Next, we performed gene set enrichment analysis (GSEA), looking for Reactome (Jassal et al., 2020) gene sets enriched for correlation with ORF1p. “DNA replication” was the most enriched category after normalization (NES=2.74, p,q<10−4), with the G1/S transition driving transcription factor E2F3 being the most strongly correlated gene in the set (ρ=0.39, p=0.0068). Among the sets tested, “activation of ATR in response to replication stress” had the highest pre-normalization enrichment score (ES=0.75, p,q<10−4). This includes correlation with ORF1p at p<0.05 for 3 Replication Factor C complex (RFC) members, 2 Origin Recognition Complex (ORC) members, RAD9A and RPA1. Given the strong correlation between ORF1p and the cell cycle driving transcription factor E2F3, we wondered whether any of the other cell cycle driving ORF1p correlations identified in endometrial cancer are also present in ovarian cancer. We did not find a significant correlation with protein levels of cyclins E1, A2, and B1, but we did find significant ORF1p correlations for PLK1 (ρ=0.37, p=0.001) and AURKB (ρ=0.34, p=0.0025) protein levels and CDK1 and 2 phosphotargets (Figure 7B, D-E).
DISCUSSION
We have used phosphoproteomic data to identify correlations between LINE-1 expression and S phase checkpoint signaling. This indicates that recent studies showing that LINE-1 overexpression leads to DNA replication conflicts are relevant to human tumors. We also identified strong LINE-1 RNA/protein correlations that exceed the RNA/protein correlation for most host genes as well as correlations between LINE-1 expression and drivers of cell cycle progression that may indicate changes to cell cycle in response to chronic DNA damage or may indicate faster growth in LINE-1 expressing tumors.
One might expect that because of the challenges associated with quantifying the expression of highly repetitive elements such as LINE-1, the LINE-1 RNA/protein correlation would be weaker than those for most host genes. The very high degree of correlation that we observe would then be surprising. However, ORF1p binds in cis to its own RNA (Wei et al., 2001), likely protecting it from degradation. If naked LINE-1 RNAs are highly susceptible to degradation, most LINE-1 RNA would be present in complex with ORF1p, explaining the elevated RNA/protein correlation. Correlation between LINE-1 RNA and ORF2p or between ORF1p and ORF2p is less clear. Endogenous ORF2p is extremely difficult to measure (Ardeljan, Wang, et al., 2020) and was at best sparsely observed in our analysis, but we did find that correlation LINE-1 ORF1p and somatic insertions are correlated in endometrial cancer. Because ORF2p is critical to retrotransposition, this suggests that it is also correlated with somatic insertions and thus with ORF1p, at least in endometrial cancer. Translational regulation of ORF2p is well reported (Alisch et al., 2006; Mita et al., 2018; Taylor et al., 2013) and WGS was limited, so such a correlation may not be universal.

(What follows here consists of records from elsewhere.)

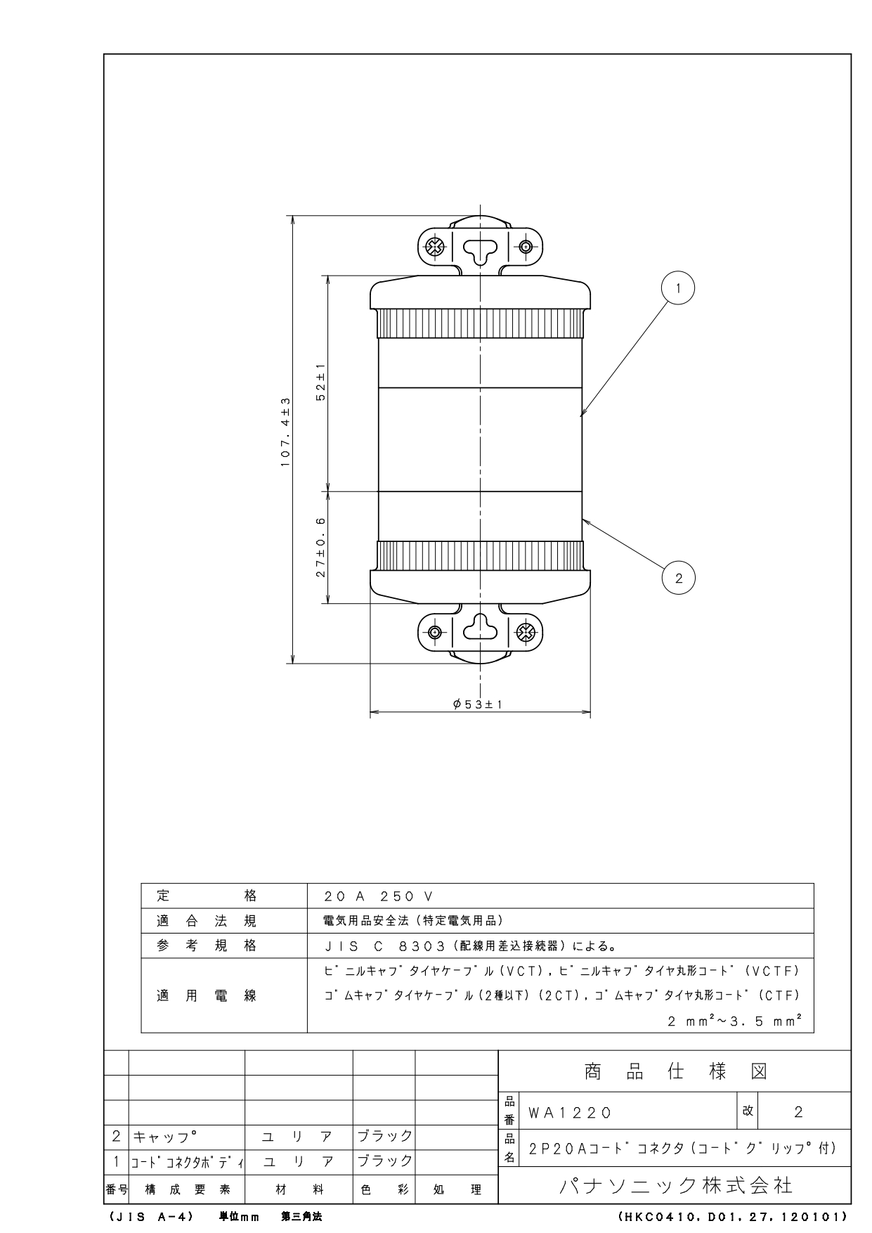 品番:WA1220品名:2P20Aコードコネクタ(コードグリップ付)
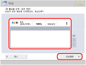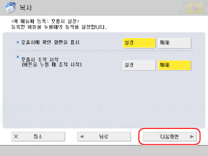설정을 확인하고 → [다음화면]을 누릅니다.
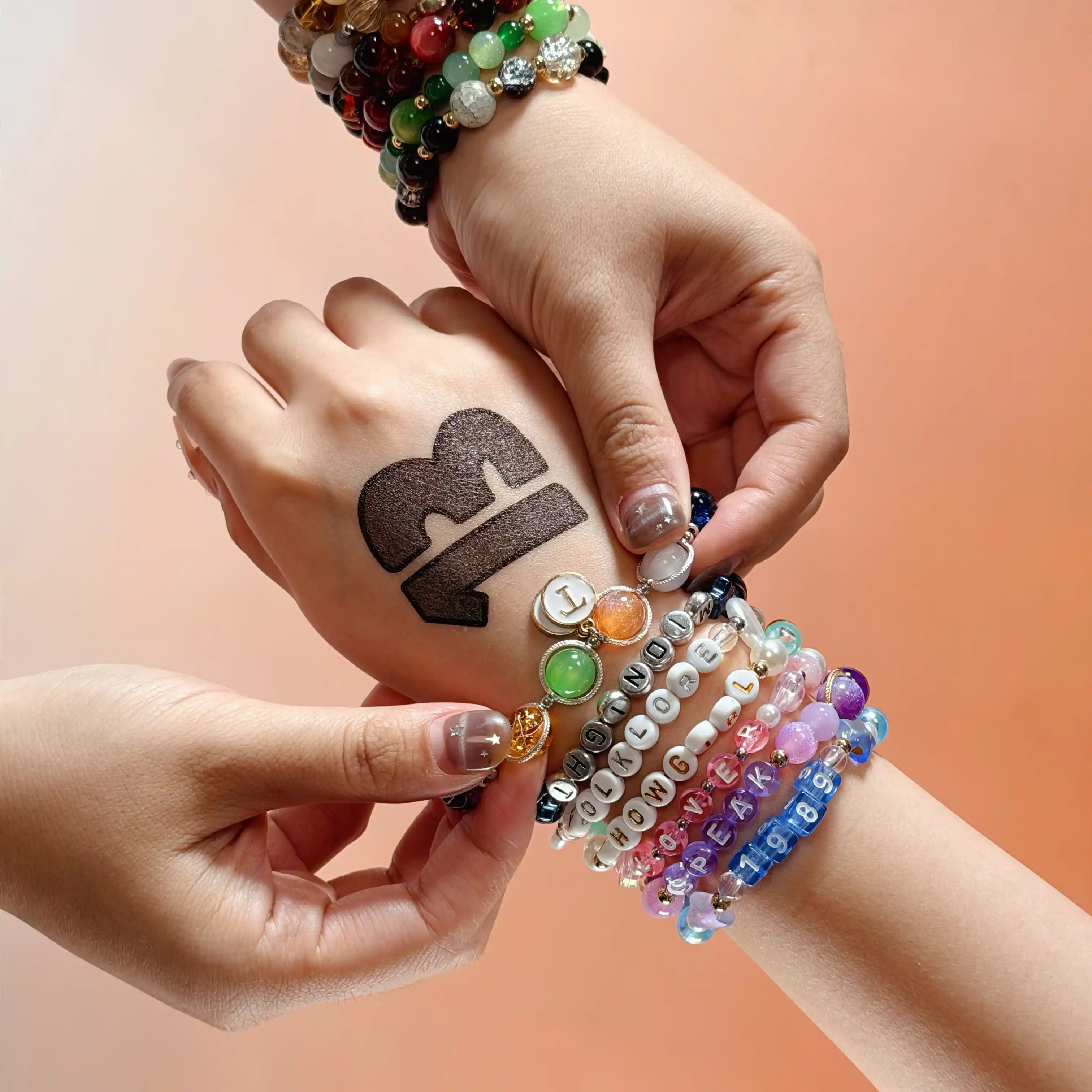 Design Inspiration Inspired by Taylor Swift’s latest visuals and the glamorous spirit of a showgirl, this bracelet blends playful elegance with performance-ready flair — through bold colors, intricate beading, and eye-catching charms. Product Highlights 🎭 A bold tribute to the confidence and charm of...
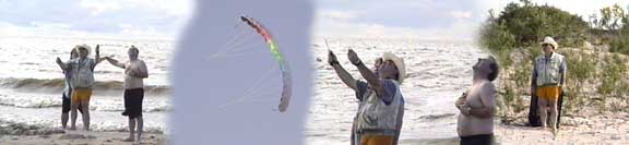 ![]() beaches with their dunes and waves. But the beach and its wind is the ideal location for kite flying in the composite image above my sons entertain them selves by having their dad take a shot at flying one of their parafloil kites. (I'm the guy with the hat.) This family has had their day in the sun and are about to head home. Notice the fine sand which makes you think of snow shoes as everyone trudges along up to their ankles in the stuff. |
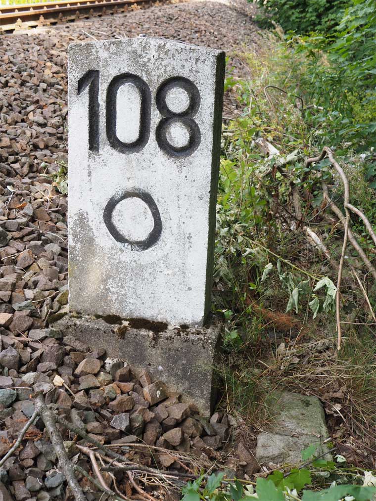 Rechts neben dem Stein ist noch der alte sächsische Hektometerstein zu erkennen. Er müsste ja die Zahl 1046 tragen.
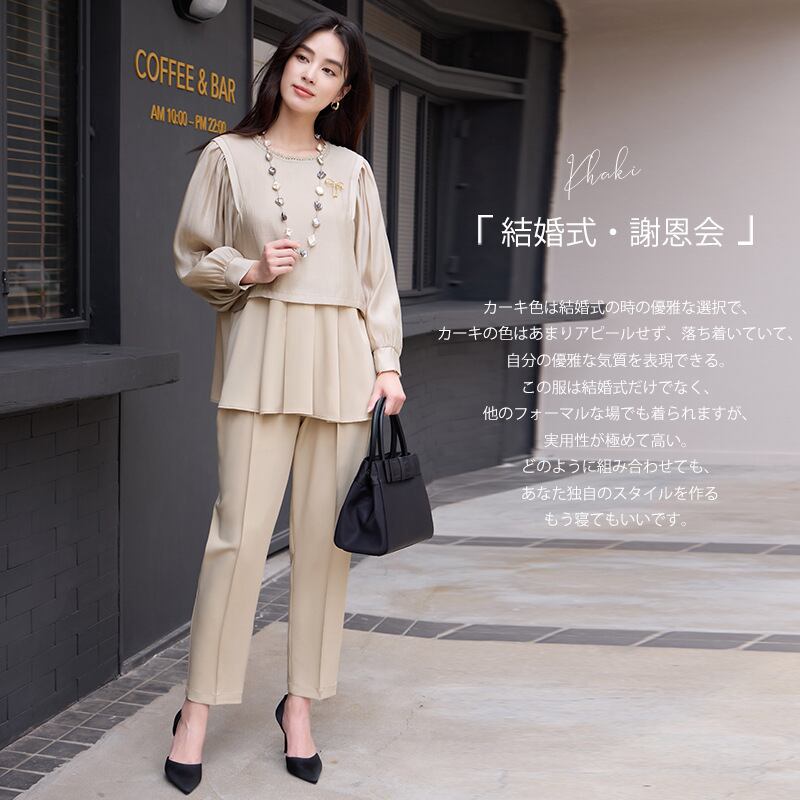 このパンツスーツは、入学式や卒業式、結婚式、七五三、通勤など、特別なシーンに最適なデザインが魅力です。20代から50代の女性の方々に向け、体型カバーを考慮したシルエットを採用しているため、安心して着用していただけます。上品で落ち着いたカラーリングが、フォーマルな場面での存在感を引き立てます。
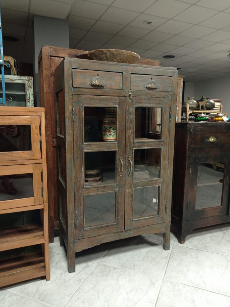 Bellissima vetrina in legno di teak con tre ripiani e due cassetti.
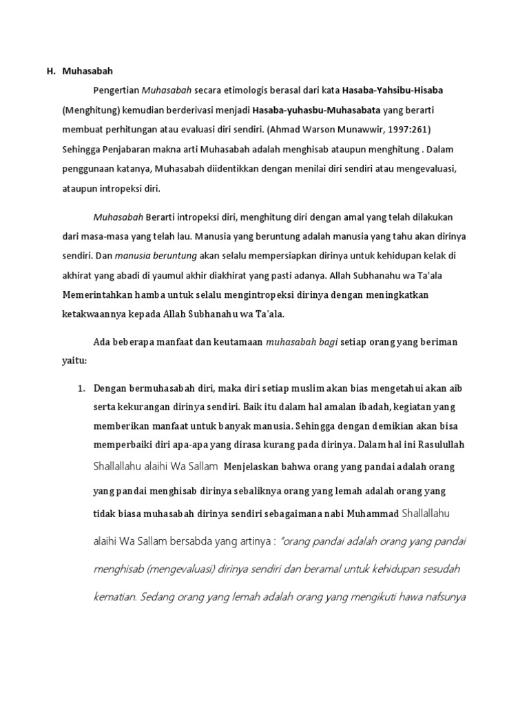 H. Muhasabah: Muhasabah Berarti intropeksi diri, menghitung diri …
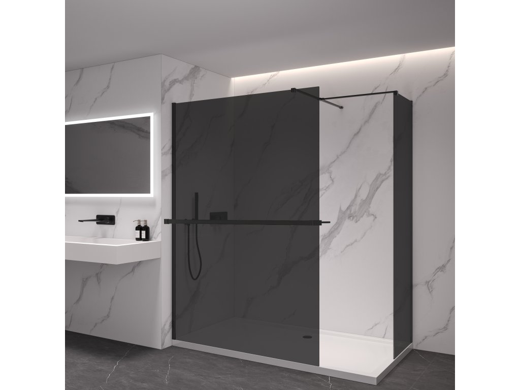 CERANO - Kabina prysznicowa typu walk-in Onyx TL/P - 8 mm - wspornik kwadratowy + półka/uchwyt na ręcznik - matowa czerń, szkło grafitowe - 160x70x200 cm

It is also possible to have ORF1p expression from loci that lack an intact ORF2. However, we find ORF1p to be similarly correlated with both intact and ORF1 only RNA (figure S1).
Our finding that LINE-1 expression is correlated with S phase checkpoint signaling in endometrial and p53 wildtype breast cancer provides the first in vivo support for the hypothesis that LINE-1 expression causes replication stress and persistent DNA damage. In endometrial cancer, we see correlation between LINE-1 and ATM-MRN-SMC signaling. This pathway is activated when cells are exposed to ionizing radiation during S phase (Magtouf Gatei et al., 2011; Luo et al., 2008; Yazdi et al., 2002), suggesting that LINE-1 expression is correlated with ds breaks occurring during S phase. Such breaks could result from the collapse of replication forks after collision with LINE-1 retrotransposition intermediates. In p53 wild-type breast cancer, we saw a correlation between LINE-1 expression and ATR-CHEK1 signaling. This would at first seem to suggest a different type of DNA damage as ATR is associated with stalled replication forks rather than ds breaks (Saldivar et al., 2017). However, LINE-1 expression is associated with ATM deficiency in these tumors and ATR can be activated at resected ds breaks (Smith et al., 2010), so ATR-CHEK1 may be activated as an alternative to ATM-MRN-SMC1A. We did not identify clear correlations between LINE-1 expression and DDR signaling in p53 mutant breast cancers, despite the presence of persistent DDR signaling in many of these tumors. It is likely that, in these tumors, any effect of LINE-1 on DNA damage is overwhelmed by other factors. We also did not identify LINE-1 expression / DDR phosphorylation in ovarian cancer, but we did find a correlation with PARP1 expression, hinting at a DNA damage connection. In fact, we did not find any LINE-1 expression / phosphosite correlations that were significant after multiple hypothesis correction. Ovarian cancer had the highest level of LINE-1 RNA in our study, so it may be that LINE-1 expression is saturated in ovarian cancer, limiting the efficacy of our methods. Finally, in colon cancer, we found our LINE-1 ORF1p quantification to be highly correlated with tumor purity (as measured by ESTIMATE (Yoshihara et al., 2013)). We could not discern whether this is a biologically relevant result or whether the LINE-1 signal is simply diluted in low purity tumors, so we provided only limited analysis of colon cancer in this study.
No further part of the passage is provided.